E.g. fz_mul255(100, 100) yields 39 while fz_mul255(-100, 100) yields -40 instead of the expected -39. This causes visible artifacts such as mentioned at the URL.
Created attachment 5215 [details] demonstration of the problem This file demonstrates the problem -- there are 256 black angled lines so the background gets decremented by 1 for each line and there ends up being an unwanted gradient.
We shouldn't ever be calling fz_mul255 with negative numbers, if we do it's an oversight in our subtraction where those numbers should be "overflown" to 0..255 range.

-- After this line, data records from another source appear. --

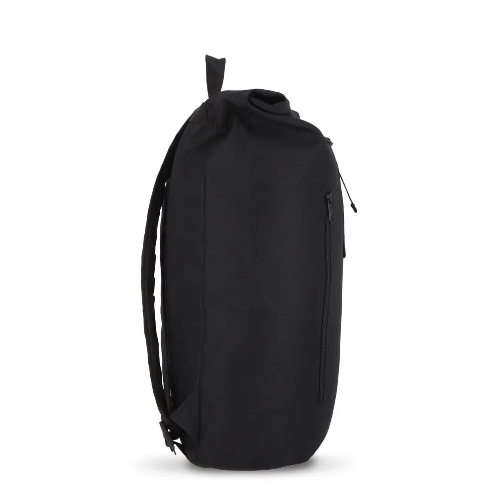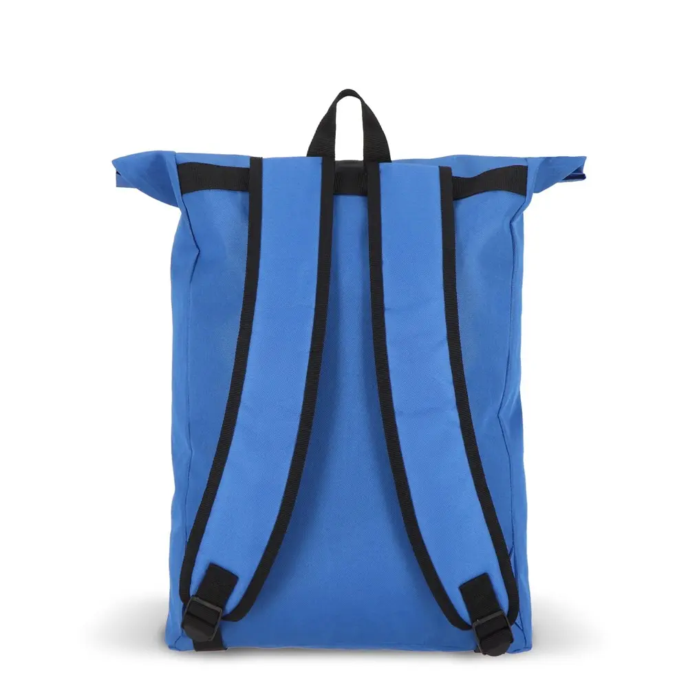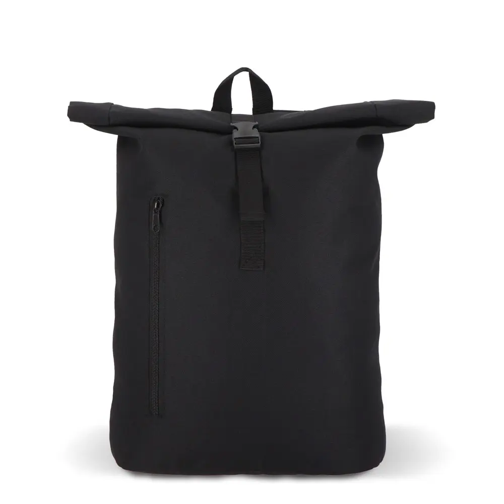Deze handige rugzak in het trendy roll-top ontwerp is gemaakt van gerecycled PET. Hij heeft verstelbare, gewatteerde schouderbanden, een handvat aan de bovenkant en een voorvak met ritssluiting, ideaal voor kleinere accessoires.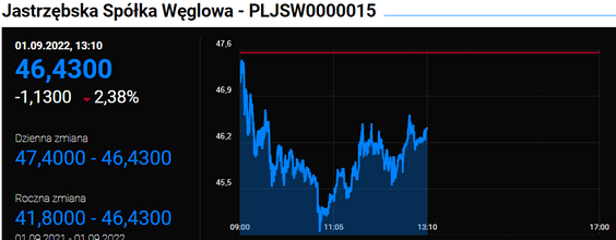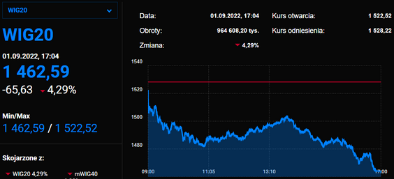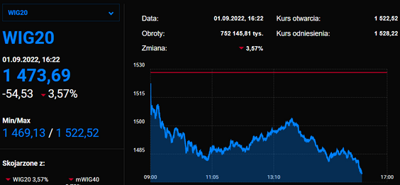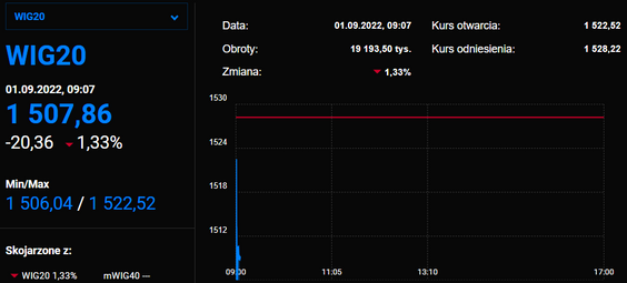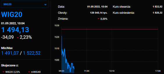Indeks największych spółek zjechał poniżej 1500 pkt. Pomijając początek pandemii, ostatnio tak nisko rodzimy indeks był w trakcie kryzysu finansowego na przełomie 2008 i 2009 r. Dziś indeks najbardziej dołują PGNiG oraz JSW.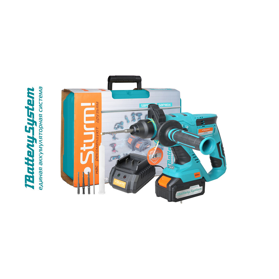 1. Полная автономность и совместимость - работа в системе 1BatterySystem 18В позволяет использовать одни аккумуляторы для всего парка инструментов Sturm. В комплекте поставляется емкий аккумулятор 3 А/ч и ЗУ.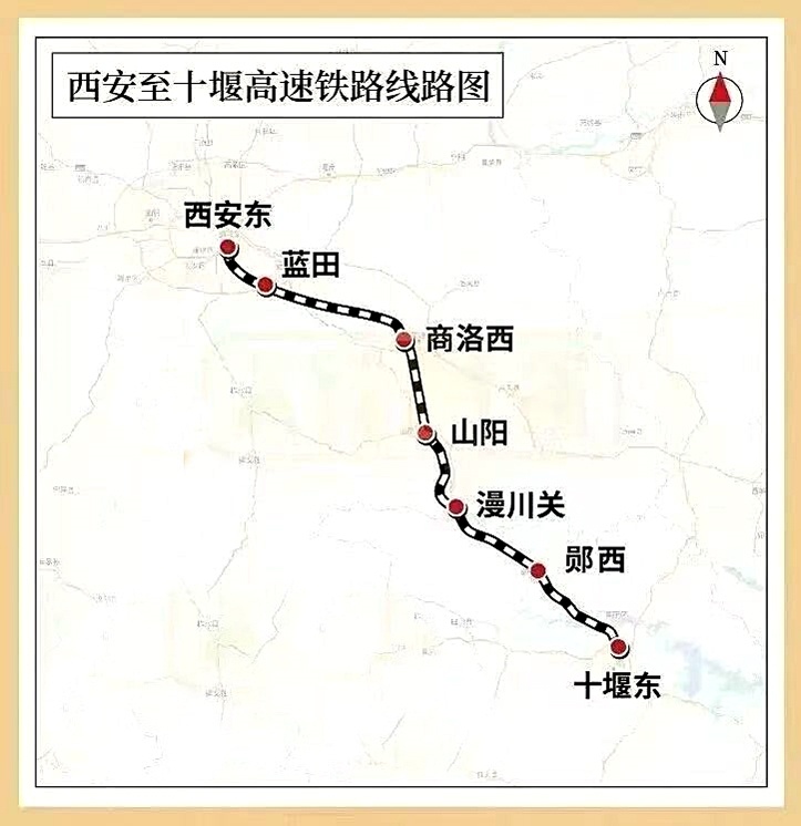 西十高铁西起陕西省西安市,自既有的西安东站引出,向东穿越秦岭山脉,经新建的蓝田、商洛西、山阳、漫川关等车站,进入湖北省新建的郧西站,到达既有十堰东站,设计时速350公里。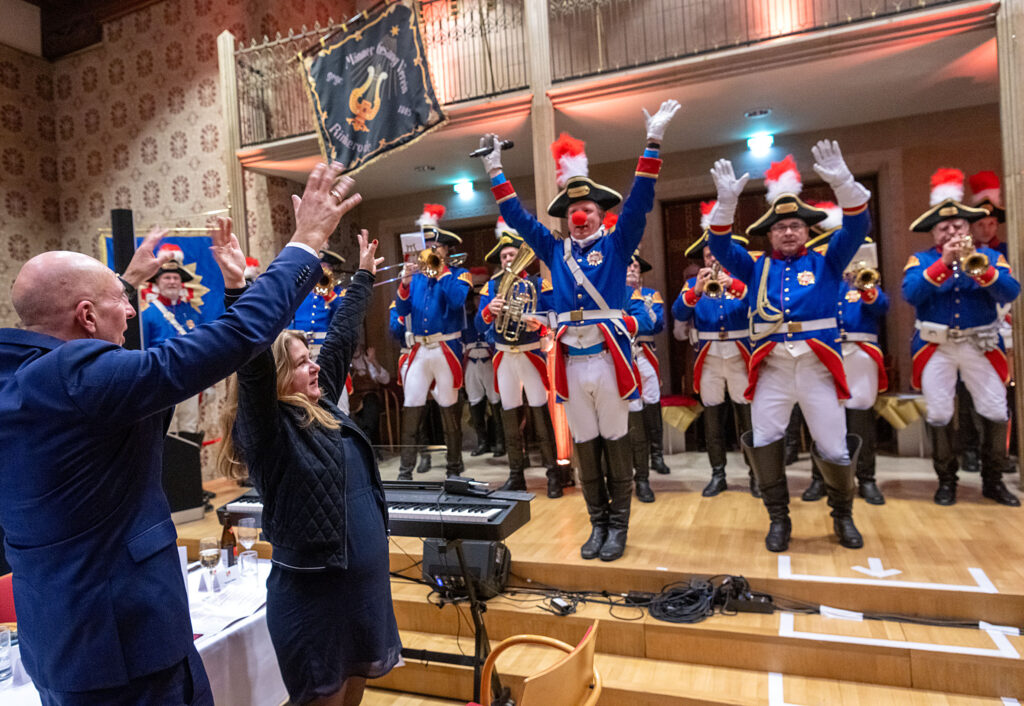 Auch die Alte Beckumer Stadtwache war zu Gast und sorgte für eine jovel Stimmung im Rathaussaal. Der Mitmach-Auftritt erweckte die Gäste aus dem Grünkohl-Koma und verhalf der Veranstaltung zu einer weiteren fröhlichen zweiten Hälfte.
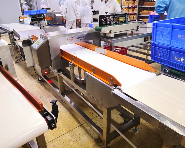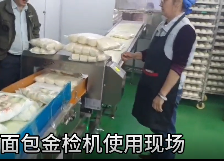 廣東某面包生產(chǎn)廠家使用連之新食品面包金檢機(jī)使用現(xiàn)場(chǎng)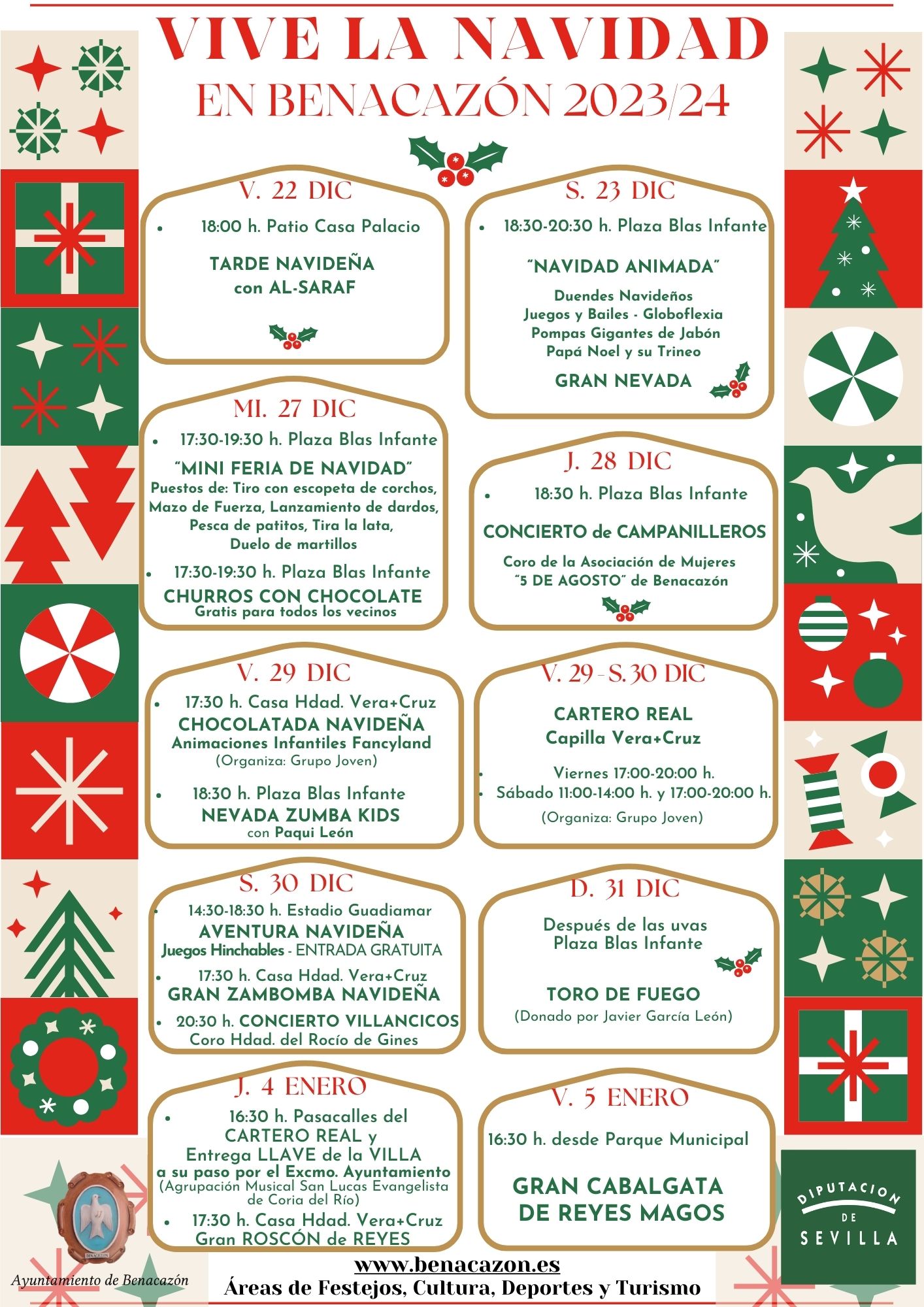 El Ayuntamiento de Benacazón presenta la Programación "VIVE LA NAVIDAD EN BENACAZÓN" 2023/2024, cuyas actividades se desarrollarán desde el Viernes 1 de Diciembre de 2023 con el ENCENDIDO DEL ALUMBRADO hasta el próximo 05 de Enero de 2024, día de la Gran Cabalgata de Reyes Magos.
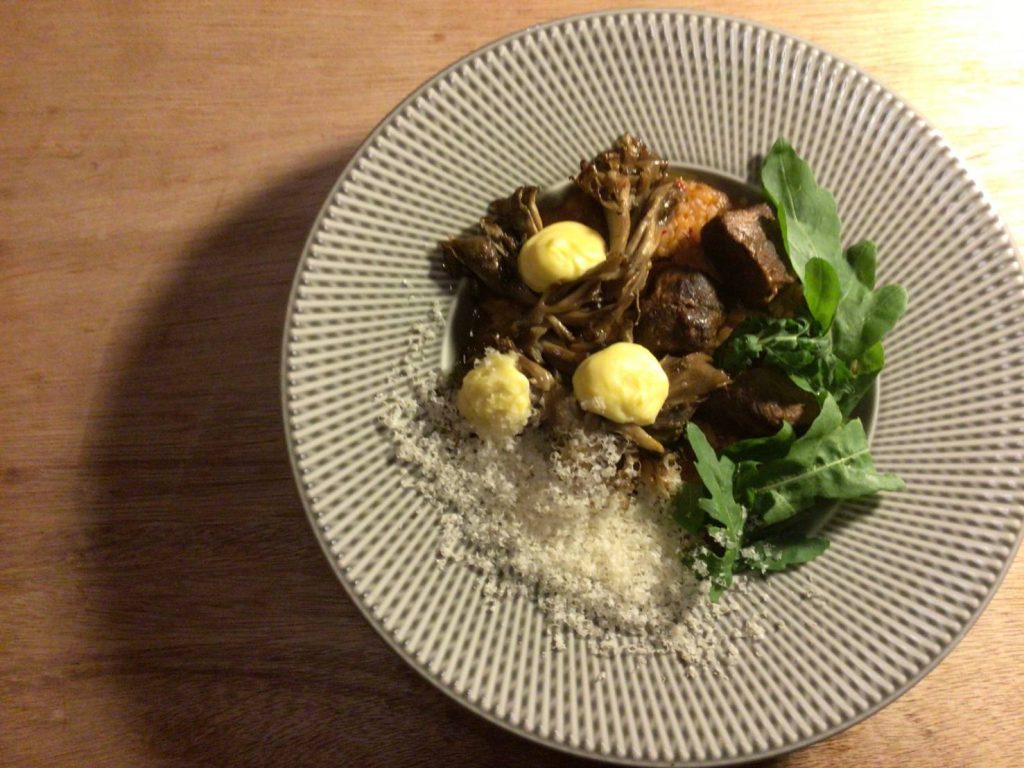 『舞茸のマリネと知床産エゾシカのリゾット』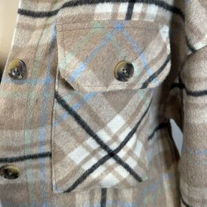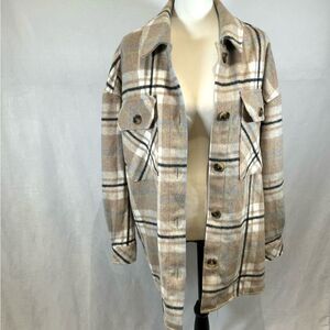 Create so many looks with this plaid shacket oversized button up jacket. It is oversized and very cozy. Has a small bit of wool for the soft fuzzy outside feeling. Perfect for the fall and winter weather. Euc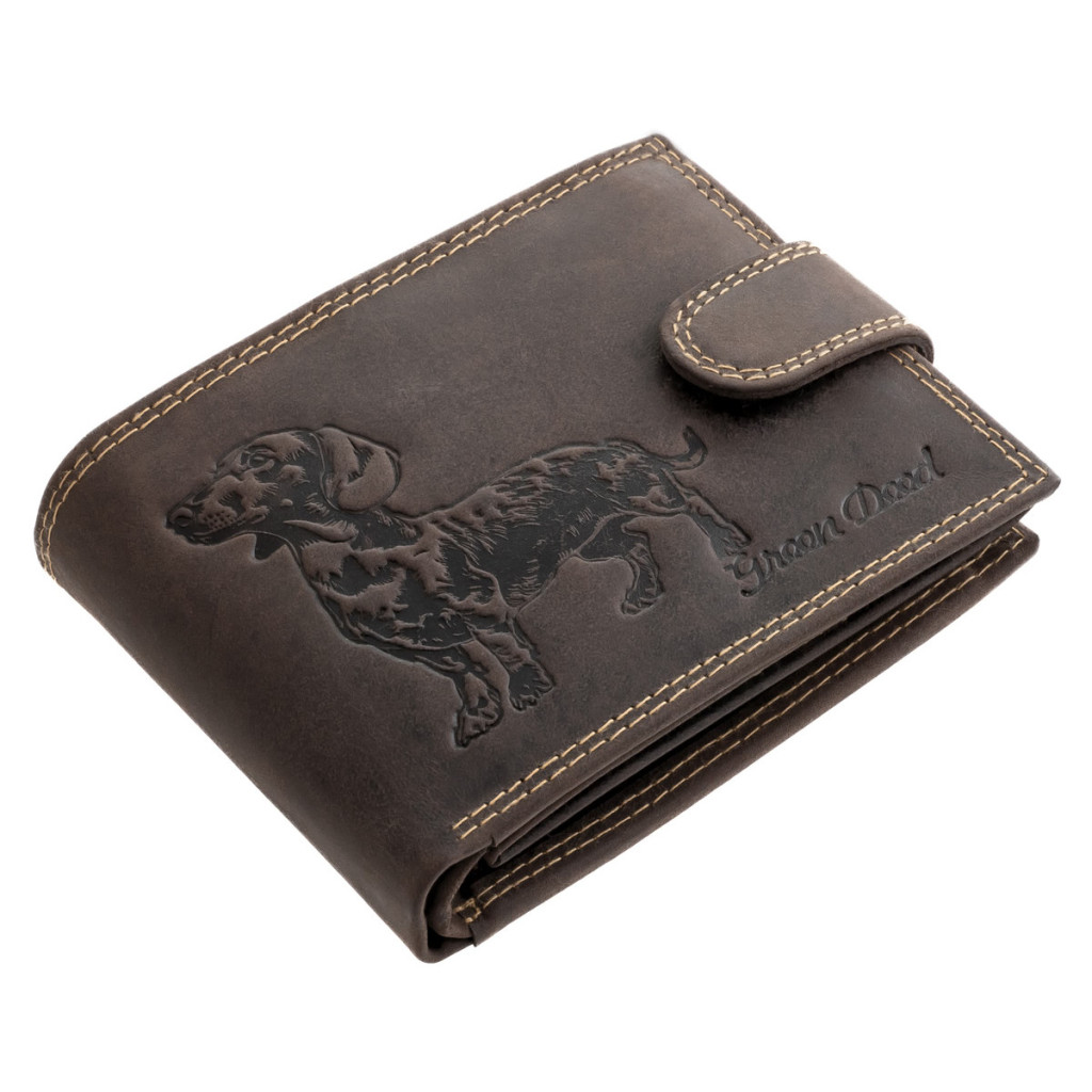 Rusztikus, valódi bőrből gyártott férfi pénztárca, mely tacskót ábrázoló minőségi benyomással készült. A mintát szépen kiemeli a világosabb színű dísztűzés, mely a tárca fedelén és a patentos pántján is körbefut.

See {path,text}_w4i1o4() for places where fz_mul255() is called with negative numbers. For example when painting a black line over a white page (causing the artifacts in the test file). Note that overflowing the negative numbers to 0..255 range is completely the wrong thing to do here, and in fact those callsites do fz_mul255((short)r - dst[1], ca) casting the unsigned chars to signed just to avoid this problem... See my second suggested patch at the sumatrapdf bug in the URL field for one possible solution: making fz_mul255 return a properly-rounded positive answer, and modifying the callsites to only use fz_mul255 with positive values. This seems solves the immediate problem (although I havent checked the performance impact). If you want something more performant, perhaps look at the freedesktop.org pixman library, where they do something similar, but with optimizations, such as packing all 4 colour components into an int, thus allowing the equivalent of fz_mul255 on a full RGBA value in one go (pixman-combine.h). They also have MMX, SSE, etc accelerated implementations of all the pdf blend modes, in case that is needed.
*** Bug 690751 has been marked as a duplicate of this bug. ***
This issue has not been fixed yet (in the public repository). Attachment 5215 [details] still misrenders while it renders correctly with the proposed fix from http://code.google.com/p/sumatrapdf/issues/detail?id=568#c1 .
My bad, looks like I somehow failed to recompile from scratch, even though I explicitly made sure I did when testing this fix.